NEW DELHI: For Anjishnu Bose, the Vaishali (Ghaziabad) lad who’s likely ranked the highest in JEE Advanced in Delhi, getting into an IIT is not even the first option. He wants to take his prodigious brain—he’s also won the Kishore Vaigyanik Protsahan Yojana scholarship for basic science students that’ll see him through to research—and an all-India rank of 26 to the Indian Institute of Science, Bangalore. 

“I want to do BSc Physics,” say Bose. “IISc is first option. If that doesn’t work, I’d prefer to join the general Physics programme at IIT Kanpur or Kharagpur.” But he may not even need a plan B. He has already been called for counselling for the KVPY quota at IISc which will be held on July 1. JEE Advanced is itself Plan B. 
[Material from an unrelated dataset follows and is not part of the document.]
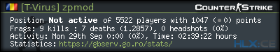 | Rank | Name | Time | Last Use | Kills | Deaths | K:D | Headshots | HS:K | Suicides | Accuracy |
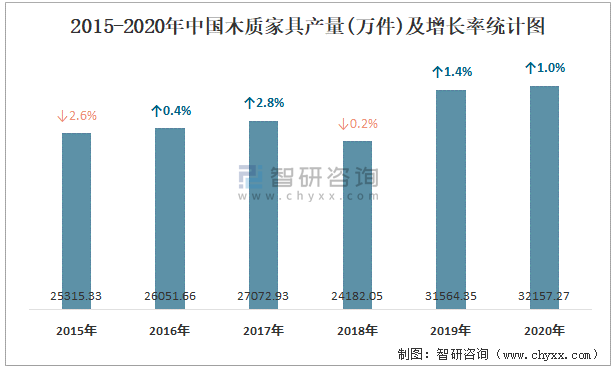 2015-2020年中國木質(zhì)家具產(chǎn)量及增長率統(tǒng)計(jì)圖

No corporate or coding job with a fat paycheck for him either—Bose will be a full-fledged scientist. “After my BSc, I’ll pursue a master’s and then research.” He attended coaching on school days and put in “nine-10 hours” of self study on days off. The student of SR DAV School Dayanand Vihar, scored a 97.4% in his CBSE board exams. But Bose is far from being a dull all-work-no-play kid. He plays video games in his free time, reads science fiction voraciously and plays the keyboard. “I have a Trinity Grade V certificate in keyboards,” he says and is partial to Beethoven and Mozart. And he still finds time to practise Buddhist chanting every day. “It is a form of meditation. I am also fascinated by the Gita.” Bose’s elder sister and father Tapas Bose, a PSU employee, are both engineers; mother Jhuma Bose tutors kids at home. 

Suyash Agarwal (AIR 69) moved from Satna—where the all-India topper is based—to Delhi to attend coaching here. His school is in Haryana and he’d travel to Delhi to attend weekend classes. “I’d travel about 100km in a day on weekends,” Agarwal says.